Dr: You can get your iron supplement in pill form at the local Walmart.
Guy: Oh? That’s nice. Does it have any artificial sweeteners?
Dr: It’s plain.
(☞゚∀゚)☞ ☜(°∀°☜)Unconfirmed btw
“Gastroenterologists who X-rayed Lotito’s stomach said he was capable of consuming 2 pounds per day, according to his Guinness World Records entry.”
I often read things and think about them and realize that it’s so absurd I can’t believe anyone tried to pass it off as true, and this is one of them.
Gastroenterologist: “Oh yeah, that stomach can consume metal, I know because…” Because what? You’ve been trained to identify stomachs that can digest metal using X-rays? What day of gastroenterologist school was that?
Go Google abdominal X-ray. You can’t even tell where the stomach is, it’s just a cloudy area.

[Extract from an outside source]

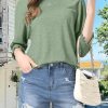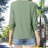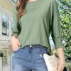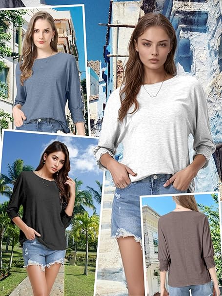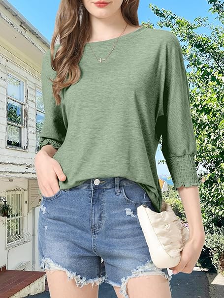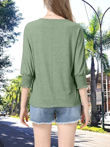 - Sem etiqueta! A etiqueta de tamanho está no lado inferior esquerdo interno da roupa ao usar. Características — Camiseta feminina, a gola redonda clássica pode mostrar perfeitamente seu pescoço, design de manga 3/4 de comprimento. Camisetas básicas com punhos com babados, apresentadas em um ajuste solto e design de manga plissada com costura frontal para um visual elegante
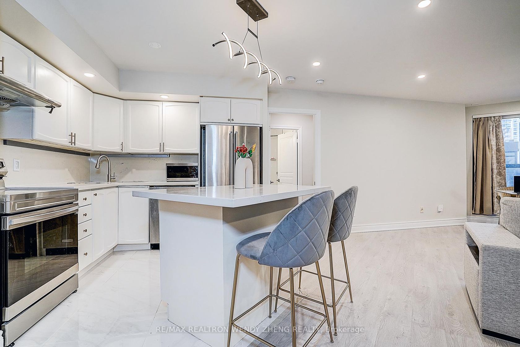 Luxurious "Triomphe" by Tridel, ideally located just steps to Finch Subway Station at Yonge Street! This beautifully renovated 2-bedroom split-layout suite offers 918sq.ft. of bright, functional living space featuring a brand-new modern kitchen, fully updated bathrooms, new laminate flooring, smooth ceilings, elegant pot lights, and upgraded light fixtures. The spacious open-concept living and dining area with kitchen island bar is perfect for everyday living and entertaining…. Enjoy 25,000sq.ft. of premium recreation facilities including virtual golf, bowling alley, indoor pool, tennis court, running track, theatre room, rooftop garden, gazebo and more. Direct indoor access to 24-hour Metro grocery store. Low maintenance fees include all utilities. A rare turnkey opportunity in a prime North York location!

"Oh yeah, that cloudy area there can definitely digest metal, I can tell just by looking at it. I’d say it can digest, say, a pound and a half easily. Probably two pounds. Probably not two and a half though, I can tell just by looking at it that two pounds would be too much. "
Now look at an x-ray of an abdomen with a metallic object in it. Seems pretty plausible thata person could look at an x-ray containing a bunch of metal and approximate how much of it there is.
I want “bullshit” for a thousand, Alex.
https://en.m.wikipedia.org/wiki/Michel_Lotito
As fake as hell as this sounds, no this guy was for real. Check out his list of total objects consumed.
At least:[3][8] [citation needed]
- 45 door hinges
- 18 bicycles
- 15 shopping carts
- 7 TV sets
- 6 chandeliers
- 2 beds
- 1 pair of skis
- 1 computer
- 1 copy of the textbook Gravitation by Misner, Thorne and Wheeler.
- 1 Cessna 150 light aircraft
- 1 waterbed (full of water)
- 500 metres (1,600 ft) of steel chain at once
- 1 coffin (with handles)
- 1 Guinness award plaque
- Assorted razors and bolts
Citation needed…
I too would rather eat a plane then french cooking.
Then is not than.
He meant what he said. The plane is the hors d’oeuvre.